Il film parte bene, con lo stile e l’atmosfera di un dramma intimista di ispirazione truffautiana, aggrovigliandosi in seguitosu se stesso, girando a vuoto, nell’incertezza di una storia che si mantiene in bilico tra commedia e dramma, tra moralismo e scandalo. Il punto di luce e di forza, il nucleo propulsore e catalizzatore del racconto è senz’ombra di dubbio “elle”, Michelle-Isabelle Huppert, binomio indissolubile, gran carattere d’attrice-personaggio, motivo d’attrazione e significato ultimo della narrazione.
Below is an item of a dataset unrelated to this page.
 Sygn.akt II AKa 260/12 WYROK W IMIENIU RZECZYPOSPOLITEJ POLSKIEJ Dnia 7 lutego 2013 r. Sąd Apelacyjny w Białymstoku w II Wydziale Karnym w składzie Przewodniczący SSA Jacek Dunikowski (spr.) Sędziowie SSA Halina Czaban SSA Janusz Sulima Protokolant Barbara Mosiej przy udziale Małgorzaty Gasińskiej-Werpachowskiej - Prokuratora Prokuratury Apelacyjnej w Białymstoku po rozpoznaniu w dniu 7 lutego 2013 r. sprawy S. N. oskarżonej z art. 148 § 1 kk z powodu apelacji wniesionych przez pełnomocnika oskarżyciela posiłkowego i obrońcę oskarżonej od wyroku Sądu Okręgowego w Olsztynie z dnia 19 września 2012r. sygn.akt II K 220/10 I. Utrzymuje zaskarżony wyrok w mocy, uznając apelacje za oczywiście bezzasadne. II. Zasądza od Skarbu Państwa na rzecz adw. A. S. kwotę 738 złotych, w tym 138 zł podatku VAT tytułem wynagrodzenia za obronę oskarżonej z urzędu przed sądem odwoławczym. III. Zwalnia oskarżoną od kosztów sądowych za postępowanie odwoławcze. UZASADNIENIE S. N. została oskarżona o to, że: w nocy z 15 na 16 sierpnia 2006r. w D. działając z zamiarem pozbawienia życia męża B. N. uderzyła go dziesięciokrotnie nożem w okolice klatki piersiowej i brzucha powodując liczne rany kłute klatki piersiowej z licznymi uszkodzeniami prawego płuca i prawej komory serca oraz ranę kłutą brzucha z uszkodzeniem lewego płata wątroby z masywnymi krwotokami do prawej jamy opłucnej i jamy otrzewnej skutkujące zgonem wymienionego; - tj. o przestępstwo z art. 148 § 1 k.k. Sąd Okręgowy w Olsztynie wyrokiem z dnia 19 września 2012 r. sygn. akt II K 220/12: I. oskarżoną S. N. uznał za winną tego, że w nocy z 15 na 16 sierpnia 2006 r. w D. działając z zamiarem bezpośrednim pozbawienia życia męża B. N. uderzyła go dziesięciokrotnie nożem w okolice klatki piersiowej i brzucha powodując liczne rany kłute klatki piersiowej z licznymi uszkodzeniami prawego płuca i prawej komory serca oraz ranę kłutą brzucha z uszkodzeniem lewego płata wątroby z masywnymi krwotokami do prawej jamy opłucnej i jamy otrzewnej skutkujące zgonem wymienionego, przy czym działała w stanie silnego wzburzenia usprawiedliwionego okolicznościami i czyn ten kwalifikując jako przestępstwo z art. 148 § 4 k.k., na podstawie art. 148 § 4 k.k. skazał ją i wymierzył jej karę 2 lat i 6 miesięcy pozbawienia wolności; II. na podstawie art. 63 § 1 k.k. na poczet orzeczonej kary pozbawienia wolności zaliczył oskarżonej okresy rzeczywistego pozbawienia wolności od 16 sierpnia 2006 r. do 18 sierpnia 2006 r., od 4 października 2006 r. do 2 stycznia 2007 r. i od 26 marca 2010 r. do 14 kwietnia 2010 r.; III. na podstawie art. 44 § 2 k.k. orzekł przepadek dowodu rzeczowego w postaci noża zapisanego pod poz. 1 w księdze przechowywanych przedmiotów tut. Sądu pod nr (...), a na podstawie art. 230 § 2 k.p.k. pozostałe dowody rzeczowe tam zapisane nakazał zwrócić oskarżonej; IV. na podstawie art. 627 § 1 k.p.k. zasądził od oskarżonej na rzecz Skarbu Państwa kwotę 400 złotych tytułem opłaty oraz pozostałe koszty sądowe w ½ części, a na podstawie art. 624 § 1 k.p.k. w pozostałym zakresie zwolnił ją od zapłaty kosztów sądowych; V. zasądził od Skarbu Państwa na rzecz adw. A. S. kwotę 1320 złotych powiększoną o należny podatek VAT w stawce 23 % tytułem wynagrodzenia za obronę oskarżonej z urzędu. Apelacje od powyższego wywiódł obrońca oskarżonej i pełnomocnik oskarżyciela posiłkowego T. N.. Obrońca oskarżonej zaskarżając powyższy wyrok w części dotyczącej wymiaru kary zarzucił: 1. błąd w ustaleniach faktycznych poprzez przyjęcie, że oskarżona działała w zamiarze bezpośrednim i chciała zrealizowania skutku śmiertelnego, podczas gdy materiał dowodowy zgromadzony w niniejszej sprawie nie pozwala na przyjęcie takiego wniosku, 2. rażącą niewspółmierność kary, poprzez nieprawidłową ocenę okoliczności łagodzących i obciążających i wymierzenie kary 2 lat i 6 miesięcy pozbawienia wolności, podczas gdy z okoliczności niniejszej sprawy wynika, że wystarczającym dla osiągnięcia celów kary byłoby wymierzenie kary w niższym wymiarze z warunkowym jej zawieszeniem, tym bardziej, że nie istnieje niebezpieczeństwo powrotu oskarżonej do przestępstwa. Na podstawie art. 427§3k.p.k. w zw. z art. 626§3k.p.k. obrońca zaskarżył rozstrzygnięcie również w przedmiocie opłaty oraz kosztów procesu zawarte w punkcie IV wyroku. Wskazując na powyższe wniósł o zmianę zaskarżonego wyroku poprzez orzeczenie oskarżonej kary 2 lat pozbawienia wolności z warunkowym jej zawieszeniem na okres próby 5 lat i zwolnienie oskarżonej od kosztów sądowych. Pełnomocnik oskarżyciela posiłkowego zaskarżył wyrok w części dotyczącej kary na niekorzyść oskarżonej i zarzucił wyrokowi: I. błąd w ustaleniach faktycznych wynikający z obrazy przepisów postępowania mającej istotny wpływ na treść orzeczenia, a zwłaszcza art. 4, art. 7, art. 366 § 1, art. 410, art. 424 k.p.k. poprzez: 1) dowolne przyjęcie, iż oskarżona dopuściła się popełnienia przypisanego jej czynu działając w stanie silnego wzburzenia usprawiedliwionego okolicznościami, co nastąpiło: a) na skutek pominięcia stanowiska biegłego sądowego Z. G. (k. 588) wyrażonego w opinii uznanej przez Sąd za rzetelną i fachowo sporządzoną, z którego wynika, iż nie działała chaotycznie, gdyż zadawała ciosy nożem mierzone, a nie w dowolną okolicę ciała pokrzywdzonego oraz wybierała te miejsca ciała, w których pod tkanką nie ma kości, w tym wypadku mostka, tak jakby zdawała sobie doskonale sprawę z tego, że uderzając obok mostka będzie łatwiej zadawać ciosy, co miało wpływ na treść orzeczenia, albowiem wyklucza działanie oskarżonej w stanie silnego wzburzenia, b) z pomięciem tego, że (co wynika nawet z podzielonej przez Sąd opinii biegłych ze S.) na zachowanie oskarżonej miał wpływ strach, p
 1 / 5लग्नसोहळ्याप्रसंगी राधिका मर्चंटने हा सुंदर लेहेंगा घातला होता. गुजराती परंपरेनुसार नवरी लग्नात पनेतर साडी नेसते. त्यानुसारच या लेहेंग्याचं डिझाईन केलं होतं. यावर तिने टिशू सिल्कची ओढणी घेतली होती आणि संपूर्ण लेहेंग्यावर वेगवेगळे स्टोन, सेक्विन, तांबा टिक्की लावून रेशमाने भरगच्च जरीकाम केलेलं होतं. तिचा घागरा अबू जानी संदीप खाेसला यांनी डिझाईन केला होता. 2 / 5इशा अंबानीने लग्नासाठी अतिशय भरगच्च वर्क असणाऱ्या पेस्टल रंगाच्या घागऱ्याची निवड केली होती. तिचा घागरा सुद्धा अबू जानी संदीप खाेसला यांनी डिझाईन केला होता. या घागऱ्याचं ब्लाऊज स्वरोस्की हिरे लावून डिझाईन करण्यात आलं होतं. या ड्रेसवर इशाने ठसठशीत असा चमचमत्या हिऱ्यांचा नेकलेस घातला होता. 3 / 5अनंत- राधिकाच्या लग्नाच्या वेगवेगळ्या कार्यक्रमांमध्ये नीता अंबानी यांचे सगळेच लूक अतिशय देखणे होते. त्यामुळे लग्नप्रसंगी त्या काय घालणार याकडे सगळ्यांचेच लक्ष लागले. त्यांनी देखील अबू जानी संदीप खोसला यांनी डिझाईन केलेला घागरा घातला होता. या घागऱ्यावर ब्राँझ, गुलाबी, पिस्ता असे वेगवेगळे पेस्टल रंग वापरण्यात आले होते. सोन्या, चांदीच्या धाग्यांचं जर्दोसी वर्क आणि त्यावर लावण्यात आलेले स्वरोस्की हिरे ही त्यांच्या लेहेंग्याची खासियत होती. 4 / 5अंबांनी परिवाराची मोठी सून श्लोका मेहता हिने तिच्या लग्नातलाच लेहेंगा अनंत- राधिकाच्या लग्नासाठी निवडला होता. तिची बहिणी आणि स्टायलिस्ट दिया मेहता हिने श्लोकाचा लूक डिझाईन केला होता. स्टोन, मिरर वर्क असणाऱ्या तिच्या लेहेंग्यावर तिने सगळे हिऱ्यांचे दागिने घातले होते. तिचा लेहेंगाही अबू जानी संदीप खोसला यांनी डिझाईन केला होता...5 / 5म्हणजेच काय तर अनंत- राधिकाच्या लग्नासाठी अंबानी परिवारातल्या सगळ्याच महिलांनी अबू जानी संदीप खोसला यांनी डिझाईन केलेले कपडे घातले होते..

Dopo una lunga malattia, e dopo il racconto – poetico e terribile insieme – della Grande Guerra ne torneranno i prati (2014), riapproda alla regia un vero e proprio Maestro del cinema, Ermanno Olmi, con vedete, sono uno di voi (in programmazione al Cinema Teatro Macalle’ di Castelceriolo), documentario dedicato alla figura del cardinale Carlo Maria Martini. Olmi firma regia, sceneggiatura e voce fuori campo, che narra come in prima persona la vicenda umana e religiosa dell’arcivescovo di Milano; insieme alla sua voce c’è anche quella di Marco Garonzio, giornalista del Corriere della Sera che ha seguito per anni la parabola di Martini, e che qui troviamo anche nel ruolo di co-sceneggiatore. Il film, pur nel consueto rigore figurativo e contenutistico consueto del regista bergamasco, è animato da un profondo, intenso afflato religioso, reso manifesto dalla fotografia di Fabio Olmi, come dalle musiche verdiane associate a quelle composte per l’occasione da Fabio Vacchi e Paolo Fresu. Il cardinal Martini emerge a tutto tondo dal racconto, a rilievo sullo sfondo del terrorismo, degli anni di piombo, della crisi economica, della corruzione e di tutti i mali d’Italia e del mondo, con uno spessore umano, prima ancora che spirituale. Eleganza, saggezza di un grande vecchio di cinema e vita, il quale giustifica, per la seconda volta, la sua scelta di scrivere il titolo del film in lettere minuscole con una cogente motivazione: “perché i maiuscoli danno fastidio”.